In-universe information
- Species: Dog
- Family: Duke Gilan; Tristan; Iseult;
- Origin: Avalon

= Petitcrieu =

Dog from Arthurian legend

Petitcrieu, alternatively spelled Petitcreiu, Petitcru, or Pticru, is a legendary magical dog from Arthurian legend present in the chivalric romance of Tristan and Iseult.

==In Arthurian legend==
In Gottfried von Strassburg's Tristan, Petitcrieu was a magical fairy dog from Avalon owned by Duke Gilan of Wales, given to him by a goddess as a token of love. When Tristan visited Gilan after having been exiled from Cornwall, the Duke sent Petitcrieu to cheer up his guest. Petitcrieu was indescribably beautiful and multicolored, and wore a magical golden bell on its collar. The bell had a sweet-sounding ring that made anybody who heard it feel happy. The dog could not move or resist, and had to be carried from place to place and accept whatever treatment it received. In addition, it had no appetite and was incapable of eating.

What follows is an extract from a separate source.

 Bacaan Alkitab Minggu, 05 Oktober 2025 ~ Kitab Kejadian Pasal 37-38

Tristan made a deal with the Duke that if he killed the giant Urgan, he would receive any reward of his choosing. Upon completing his task, Tristan took Petitcrieu and gave it to Iseult so that she would be happy forever, but she removed the magic bell and threw it into the sea so that she would feel her genuine emotions without having them masked by magic. Without the bell, Petitcrieu could no longer erase Iseult's sorrow, but was able to be her companion in both sorrow and joy.

==Literary analysis==
In a 1992 article in the journal Colloquia Germanica, Aaron E. Wright argues the Petitcrieu is not actually a dog in Tristan, but rather an inanimate object, as evidenced by the character's unnatural coloration, lack of energy or appetite, and how other characters treat it. In addition, Petitcrieu is referred to by the neuter German pronoun ez (es), equivalent to the English pronoun it, rather than the masculine terms typically used for dogs in German. Wright argues that Petitcrieu may be a fanciful taxidermy dog or an automaton, but is most likely a metaphorical representation of a piece of literature or poetry.

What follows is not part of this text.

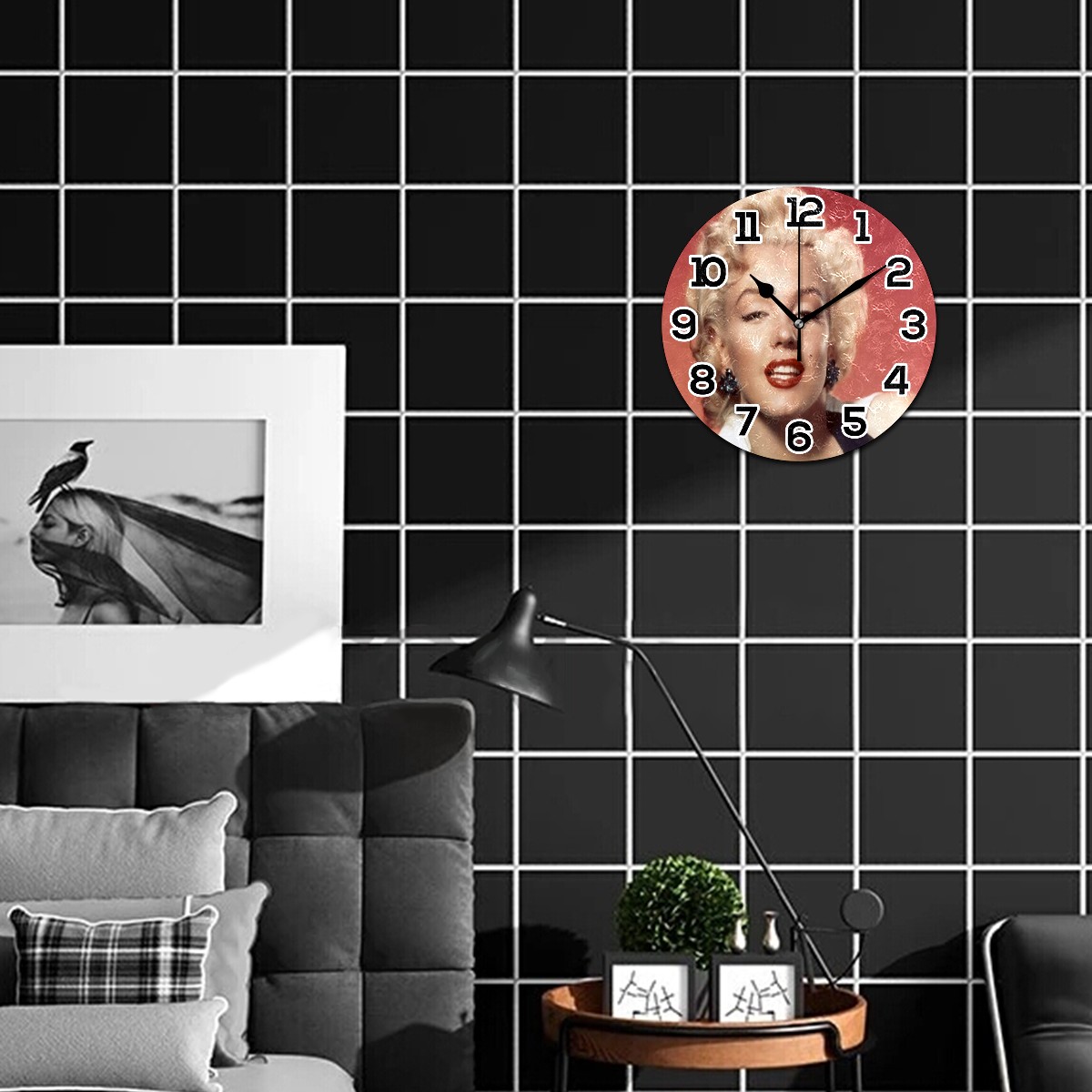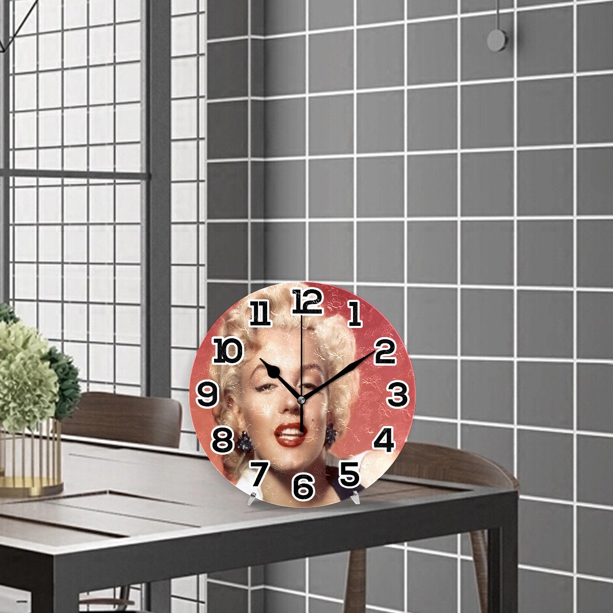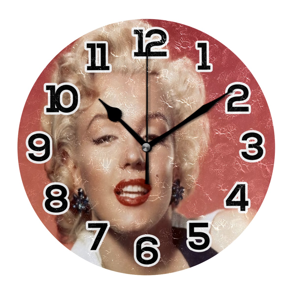 Marilyn Monroe Red Lip (4) Clock Wall Decor Acrylic Decorative Round Battery Operated Wall Clocks for Home Bedroom Living Room Decor Silent Non Ticking

In a 2015 article in Mediaevistik, Christopher R. Clarkson similarly writes that Petitcrieu is a metaphorical representation of art as a distraction. More specifically, he argues that Petitcrieu serves as an aesthetic distraction from the sorrow that the lovers in the romance feel. By rejecting Petitcrieu's magic, Iseult is able to authentically love Tristan, even in his absence.